2-Yerel Mahkeme dosyasının incelenmesinde ise, ilam başlığında asıl ve birleşen dosyalardaki tarafların kimlikleri ile Türkiye Cumhuriyeti kimlik numarası ve kanuni temsilci ve vekillerinin ad ve soyadları ile adreslerinin asıl ve birleşen dosyalar yönünden ayrı ayrı ve açık şekilde yazılmadığı,
Kararın gerekçesinde; asıl ve birleşen dosyalar yönünden tarafların iddia ve savunmalarının özetinin, anlaştıkları ve
anlaşamadıkları hususların anlatılmadığı, sabit görülen vakıalarla bunlardan çıkarılan sonuç ve hukuki sebeplerin hükmün dayandığı hukuki esasların açıklanmadığı,
Asıl davaya ilişkin hüküm fıkrasında birleşen dosyalarla ilgili bentlerde tesis edilmesi gereken hükümlerin bulunduğu; bu durumun hüküm fıkraları arasında mükerrerliğe yol açtığı, hüküm fıkrasının çelişkili açıklık, anlaşılırlık ve uygulanabilirlikten yoksun olduğu, kararın gerekçesi ile sonucu arasında bulunması gereken uyumun denetlenemediği,
Davanın taraflarının dava yönünden, hukuk düzenince hangi nedenle haklı veya haksız görüldüklerini anlayıp değerlendirebilmeleri ve …’ın hukuka uygunluk denetimini yapabilmesi için, ortada, usulüne uygun şekilde oluşturulmuş; hükmün hangi nedenle o içerik ve kapsamda verildiğini ayrıntılarıyla gösteren, ifadeleri özenle seçilmiş ve kuşkuya yer vermeyecek açıklıktaki bir gerekçe bölümünün ve buna uyumlu hüküm fıkralarının bulunmasının zorunlu olduğu görülmüş, bu nedenlerle 6100 sayılı Yasanın 297, 298/2 ve 321. maddelerinde belirtilen zorunlu unsurları taşımadığı ve infazda tereddüt yaratacağı anlaşılan hükmün bozulmasına karar vermek gerekmiştir.
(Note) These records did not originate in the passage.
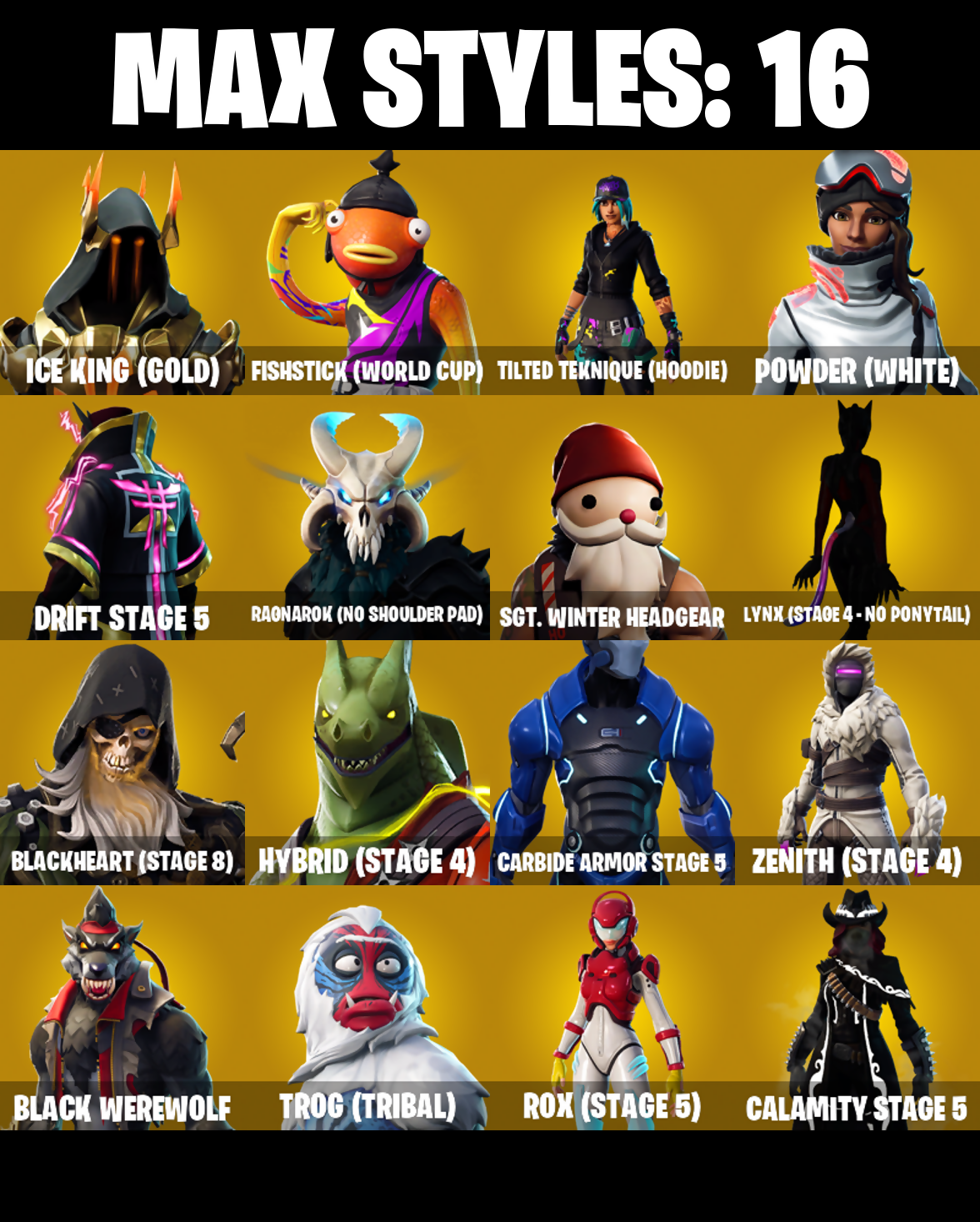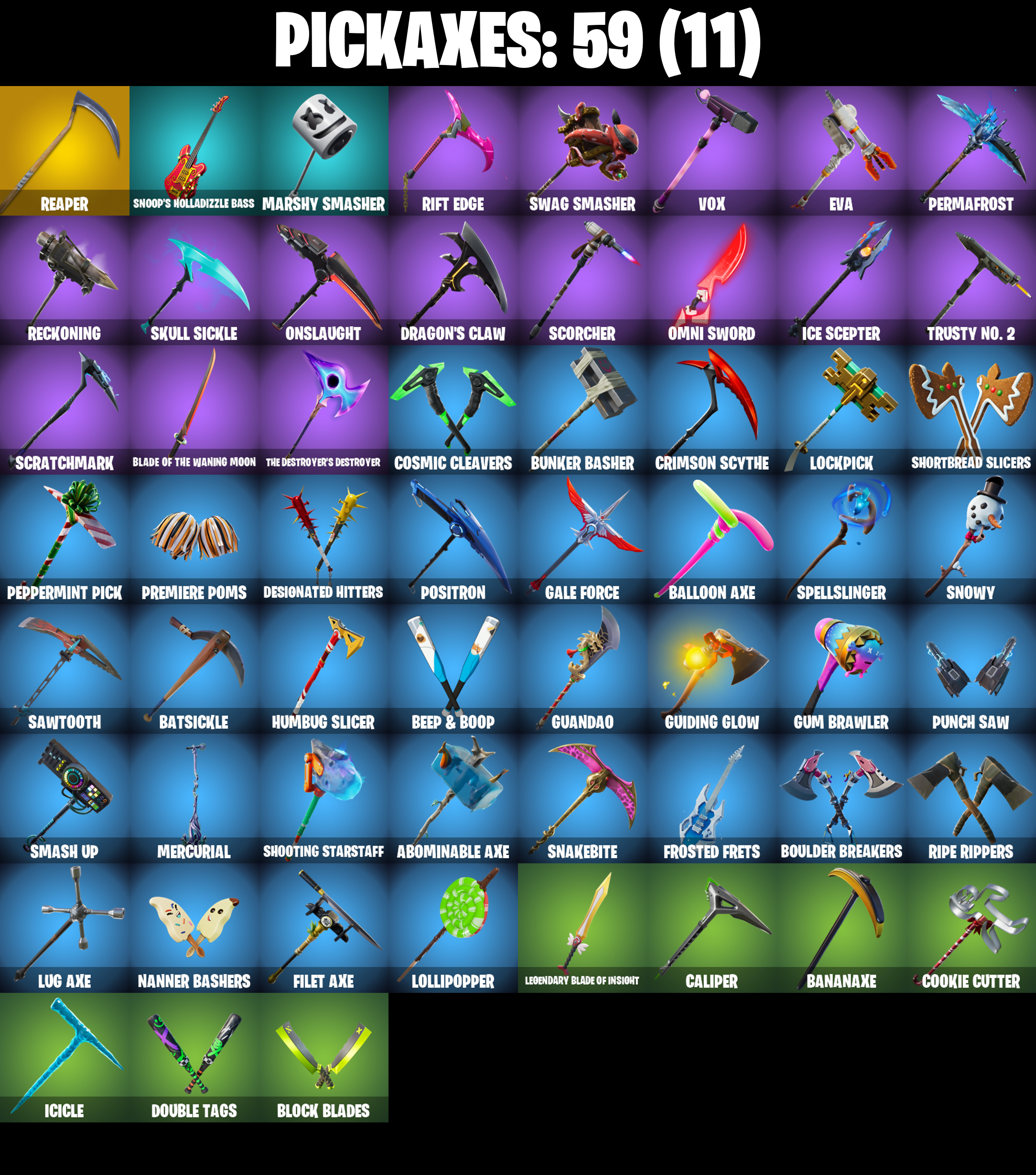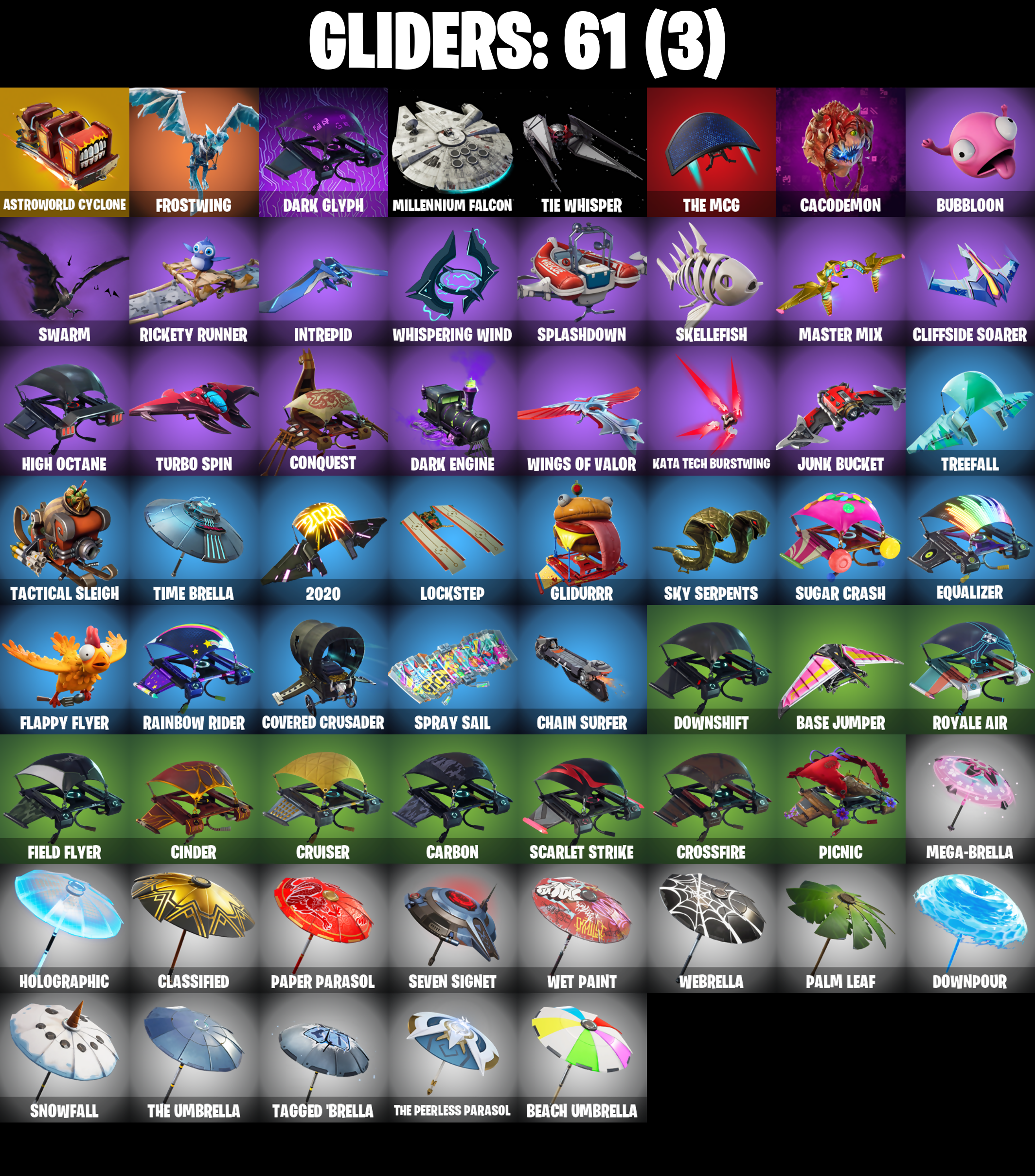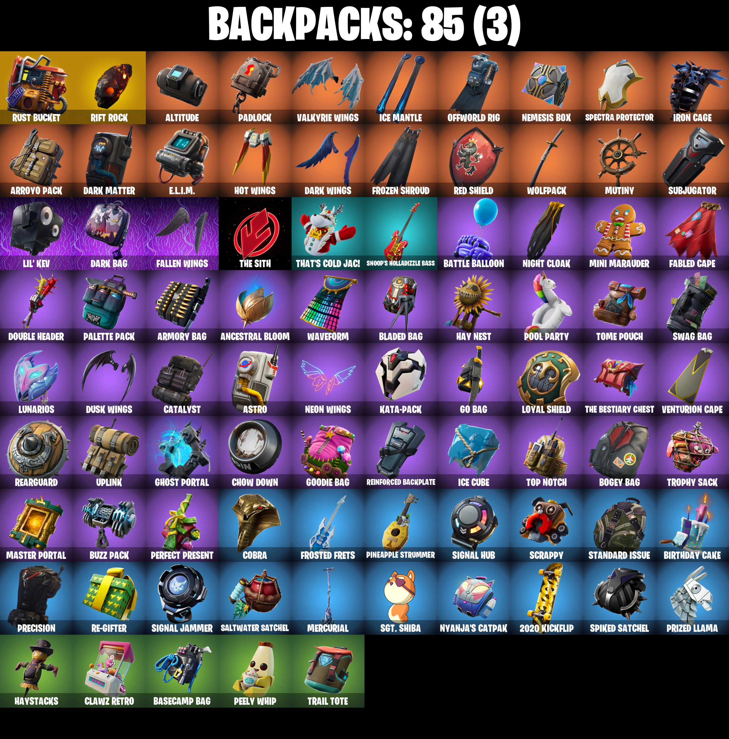 2020, 2020 Kickflip, A.I.M., Abominable Axe, Altitude, Ancestral Bloom, Arctic Assassin, Armory Bag, Arroyo Pack, Aspen, Astro, Astroworld Cyclone, B.R.U.T.E. Gunner, Balloon Axe, Bananaxe, Bandolier, Base Jumper, Basecamp Bag, Batsickle, Battle Balloon, Battlehawk, Beach Umbrella, Beep & Boop, Best Mates, Birthday Cake, Black Werewolf, Blackheart, Blackheart (Stage 8), Blade of the Waning Moon, Bladed Bag, Block Blades, Bogey Bag, Boneless, Boulder Breakers, Breakdown, Breakpoint, Bring It, Brite Bomber, Bubbloon, Bullseye, Bunker Basher, Bunker Jonesy, Bunnymoon, Buzz Pack, Cacodemon, Calamity, Calamity Stage 5, Calculated, Caliper, Call Me, Carbide, Carbide Armor Stage 5, Carbon, Cat Flip, Catalyst, Chain Surfer, Chow Down, Cinder, Classified, Clawz Retro, Clean Groove, Cliffside Soarer, Cluck Strut, Cobalt, Cobra, Commando, Conga, Conquest, Cookie Cutter, Cosmic Cleavers, Covered Crusader, Crimson Scythe, Criss Cross, Crossfire, Crowning Achievement, Cruiser, DJ Yonder, Dab, Dabstand, Dance Therapy, Dark Bag, Dark Bomber, Dark Engine, Dark Glyph, Dark Matter, Dark Voyager, Dark Wings, Designated Hitters, Devastator, Dire, Doggo, Double Header, Double Tags, Downpour, Downshift, Doze Dab, Dragon Stance, Dragon's Claw, Dream Feet, Drift, Drift Stage 5, Dusk, Dusk Wings, E.L.L.M., Electro Shuffle, Electro Swing, Elite Agent, Elmira, Enforcer, Equalizer, Eva, Extraterrestrial, Fable, Fabled Cape, Fallen Love Ranger, Fallen Wings, Field Flyer, Filet Axe, Finger Guns, Fishstick (World Cup), Fist Pump, Flamenco, Flappy Flyer, Flippin' Away, Free Flow, Fresh, Frosted Frets, Frostwing, Frozen Shroud, Gale Force, Gentleman's Dab, Get Funky, Ghost Portal, Giddy-Up, Glidurr, Go Bag, Golf Clap, Goodie Bag, Grill Sergeant, Groove Jam, Guan Yu, Guandao, Guiding Glow, Guitar Walk, Gum Brawler, Hay Man, Hay Nest, Haystacks, Headbanger, Hello Friend, High Octane, Holographic, Hot Wings, Humbug Slicer, Huntress, Hybrid, Hybrid (Stage 4), Hype, Hypnot-Eyes, I Declare!, Ice Cube, Ice King (Gold), Ice Mantle, Ice Scepter, Icicle, Infectious, Inferno, Infinite Dab, Intrepid, Iron Cage, It's Go Time!, It's... You?, Jaywalking, Jubilation, Jump Jets, Junk Bucket, Kata Tech Burstwing, Kata-Pack, Keep It Mello, Kiss The Cup, Laguna, Legendary Blade of Insight, Lil' Kev, Living Large, Llamacadabra, Lockpick, Lockstep, Lollipopper, Love It!, Loyal Shield, Lt. Evergreen, Lug Axe, Lunarios, Lynx, Lynx (Stage 4 - No Ponytail), Make It Rain, Marshmello, Marshy Smasher, Master Mix, Master Portal, Mega-Brella, Mercurial, Merry Marauder, Mic Drop, Millennium Falcon, Mini Marauder, Mission Specialist, Moonwalker, Mutiny, Nanner Bashers, Nemesis Box, Neon Wings, Night Cloak, Nightshade, No Sweat, Nyanja's Catpak, Offworld Rig, Omega, Omni Sword, Onesie, Onslaught, Orange Justice, Padlock, Palette Pack, Palm Leaf, Paper Parasol, Peace Out, Peekaboo, Peely, Peely Whip, Peppermint Pick, Perfect Present, Permafrost, Phone It In, Picnic, Pineapple Strummer, Point It Out, Poised Playmaker, Pool Party, Pop Lock, Popcorn, Positron, Powder, Powder (White), Precision, Premiere Poms, Prized Llama, Punch Saw, Ragnarok, Rainbow Rider, Rambunctious, Raonarok (No Shoulder Pad), Ravage, Raven, Re-Gifter, Reaper, Rearguard, Reckoning, Recon Specialist, Red Knight, Red Shield, Red Strike, Redline, Regal Wave, Reinforced Backplate, Respect, Respect The Peace, Rickety Runner, Rift Edge, Rift Rock, Ripe Rippers, Rock Out, Rogue Agent, Rook, Rox, Rox (Stage 5), Royale Air, Running Man, Rust Bucket, Rust Lord, Sad Trombone, Saltwater Satchel, Salute, Sawtooth, Scarlet Strike, Scorcher, Scorpion, Scrappy, Scratchmark, Sentinel, Seven Signet, Sgt. Green Clover, Sgt. Shiba, Sgt. Winter, Sgt. Winter Headgear, Shaolin Sip, Sharpshooter, Shimmer, Shooting Starstaff, Shortbread Slicers, Sidewinder, Signal Hub, Signal Jammer, Signature Shuffle, Skellefish, Skull Sickle, Skull Trooper, Sky Serpents, Sledgehammer, Slitherin', Slow Clap, Smash Up, Smooth Moves, Snakebite, Snoop's Holladizzle Bass, Snoozefest, Snowfall, Snowshaker, Snowy, Sparkplug, Spectra Protector, Spellslinger, Spiked Satchel, Splashdown, Spray Sail, Squad Leader, Squat Kick, Standard Issue, Subjugator, Sugar Crash, Summit Striker, Sun Strider, Swag Bag, Swag Smasher, Swarm, Swipe It, T-Pose, Tactical Sleigh, Tagged 'brella, Take The L, Teknique, That's Cold Jac!, The Ace, The Bestiary Chest, The Destroyer's Destroyer, The Ice King, The Mcg, The Peerless Parasol, The Prisoner, The Reaper, The Robot, The Sith, The Umbrella, The Visitor, Tidy, Tie Whisper, Tilted Teknique, Tilted Teknique (Hoodie), Time Brella, Tome Pouch, Top Notch, Tra La La, Trail Tote, Treefall, Trog, Trog (Tribal), Trophy Sack, True Heart, True Love, Trusty No. 2, Tsuki 2.0, Turbo Spin, Uplink, Valkyrie, Valkyrie Wings, Valor, Vega, Venturion, Venturion Cape, Verge, Vivacious, Vox, Waterworks, Waveform, Waypoint, Webrella, Wet Paint, Whispering Wind, Wiggle, Wilde, Wingman, Wings Of Valor, Wolfpack, Wooly Warrior, World Warrior, X-Lord, Yay!, You're Awesome, Zenith, Zenith (Stage 4), Zoe Clash, Zoey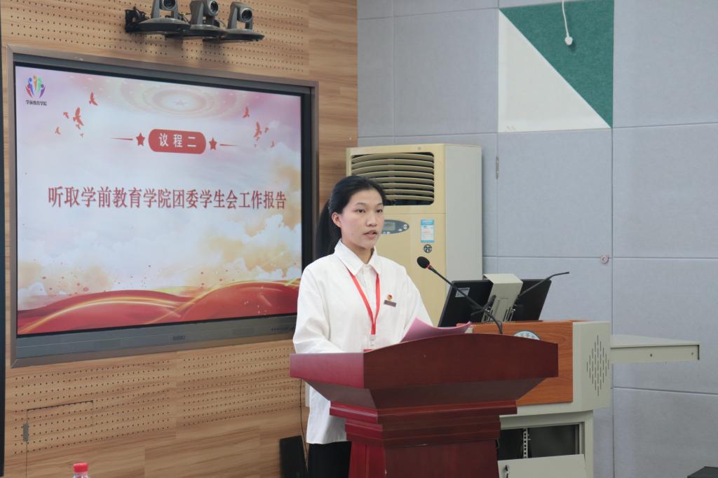 丘苏兰代表学前教育学院学生会作工作报告。报告从加强思想政治引领,打造特色品牌活动,搭建网络新媒体矩阵,深化组织体系改革等四个方面回顾了学前教育团委学生会过去的工作,并表示学前教育学院团委学生会将认真学习贯彻习近平新时代中国特色社会主义思想和党的二十大精神,积极开展各项工作,为学生的全面发展和校园文化建设做出更大奉献。
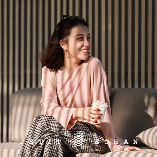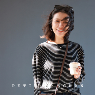 条纹薄T恤女针织空调物理防晒衫 小闪 棉桑蚕丝亚麻百搭柔软长袖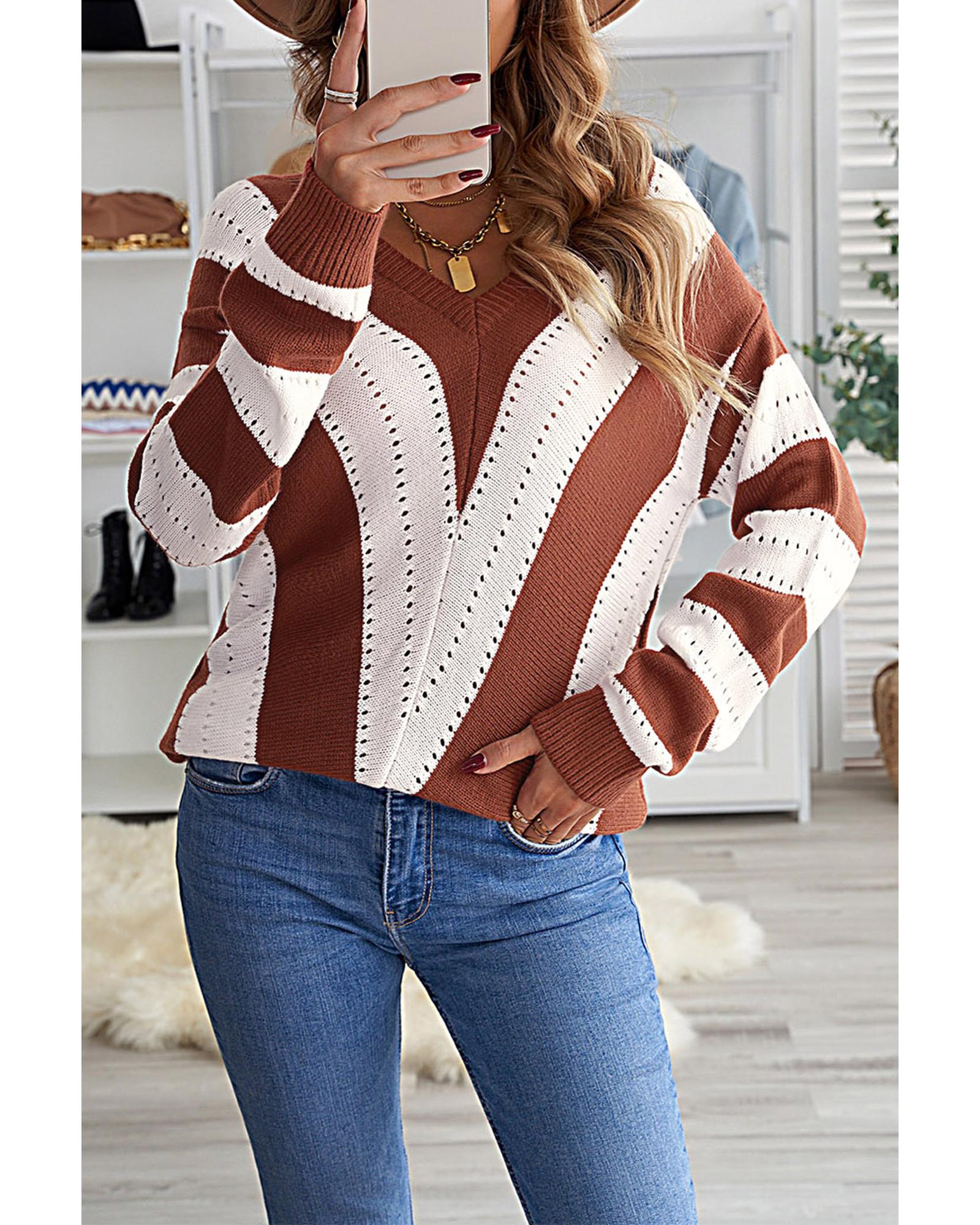 • Brown Striped Colorblock V Neck Knitted Sweater

Bu bakımdan; ortada denetlenebilecek gerekçeli bir karar olmadığına göre, mahkemece yapılacak iş; özellikle Anayasanın 141/3. maddesi ve ona koşut bir düzenleme içeren 6100 sayılı HMK.nun 297. (Mülga HUMK.nun 381, 388 ve 389.) ve 27.maddeleri de gözetilerek taraf bilgilerinin, tarafların iddia ve savunmalarının ve karar gerekçelerinin açıkça kaleme alındığı anlaşılabilir ve denetlenebilir nitelikte bir hüküm kurmak olmalıdır.
3-Bozma nedenlerine göre,davacılar vekilinin diğer temyiz itirazlarının incelenmesine şimdilik gerek görülmemiştir.
SONUÇ: Yukarıda (1) ve (2) nolu bentlerde açıklanan nedenlerle hükmün BOZULMASINA,(3) nolu bentte açıklanan nedenlerle asıl ve birleşen davalarda davacılar vekilinin temyiz itirazlarının incelenmesine şimdilik gerek görülmediğine, peşin alınan harcın istek halinde temyiz eden asıl ve birleşen davalarda davacılara geri verilmesine 22/11/2018 gününde oybirliğiyle karar verildi.